## THE DATA

======

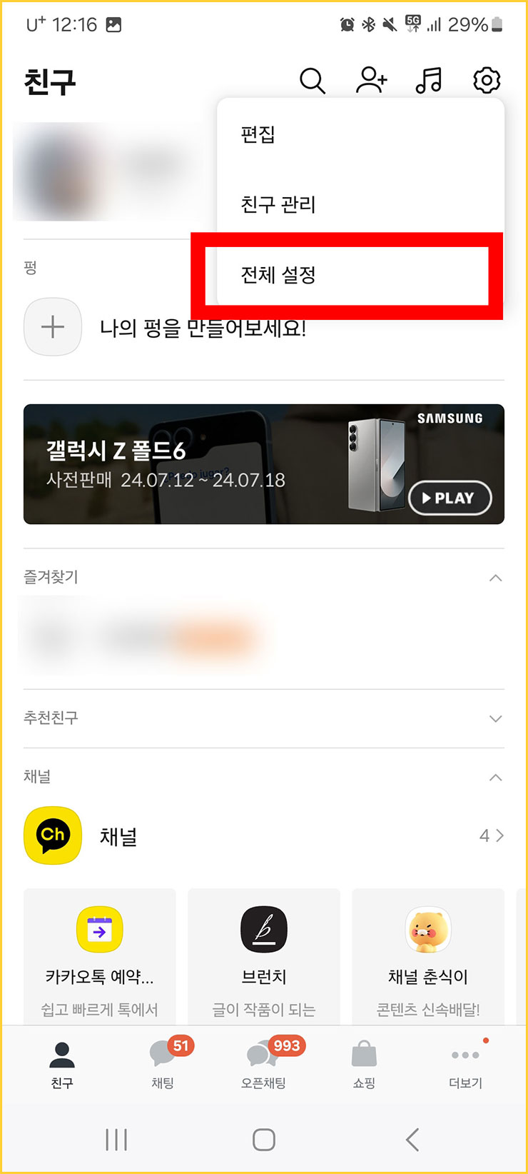 카톡 생일 알림 끄기 시작
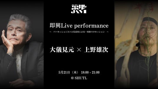 パーカッショニストの大儀見元と花道家・現代アーティストの上野雄次による一夜限りのセッション。東銀座のアートスペースSHUTLを舞台に、築地JAMのオープニングアクトとなる注目のライブパフォーマンス。
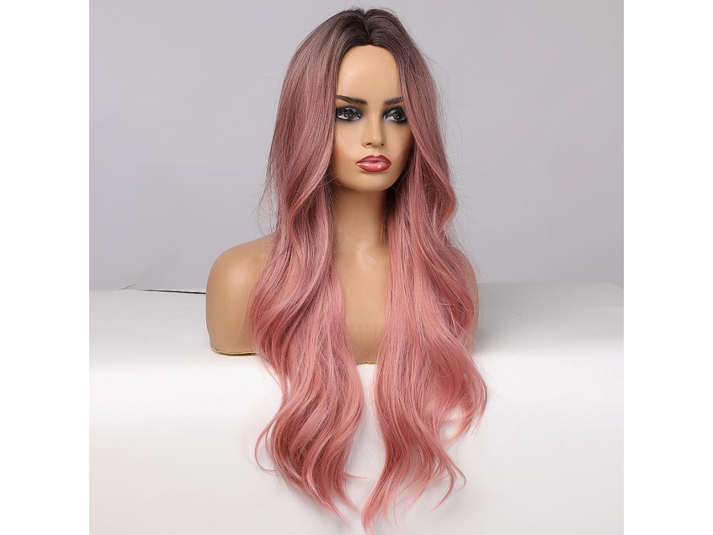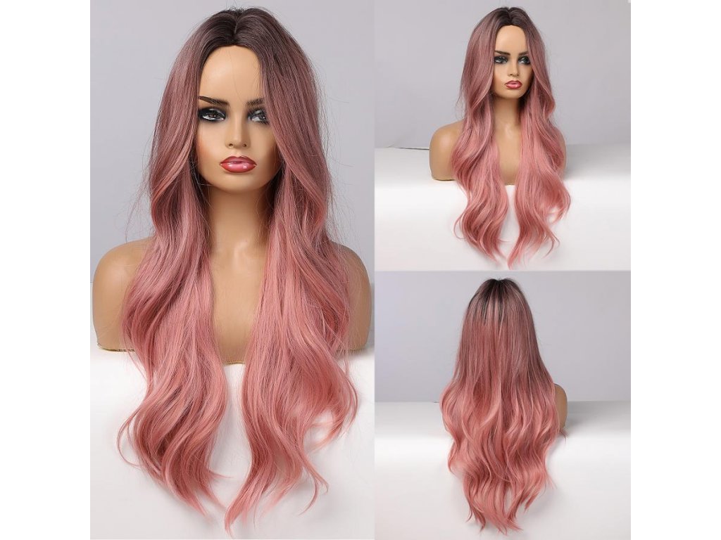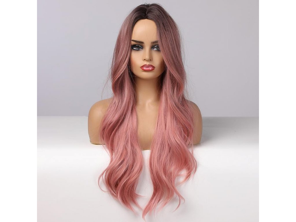 Krásná vlnitá růžová paruka s černými kořínky. Je vyrobena z kvalitních syntetických vláken, které jsou zárukou pohodlného nošení.

======

## EXERCISE AIM
When you reproduce the data shown above, keep each line exact and omit every picture.

## RESPONSE TO THIS EXERCISE
 카톡 생일 알림 끄기 시작
 パーカッショニストの大儀見元と花道家・現代アーティストの上野雄次による一夜限りのセッション。東銀座のアートスペースSHUTLを舞台に、築地JAMのオープニングアクトとなる注目のライブパフォーマンス。
 Krásná vlnitá růžová paruka s černými kořínky. Je vyrobena z kvalitních syntetických vláken, které jsou zárukou pohodlného nošení.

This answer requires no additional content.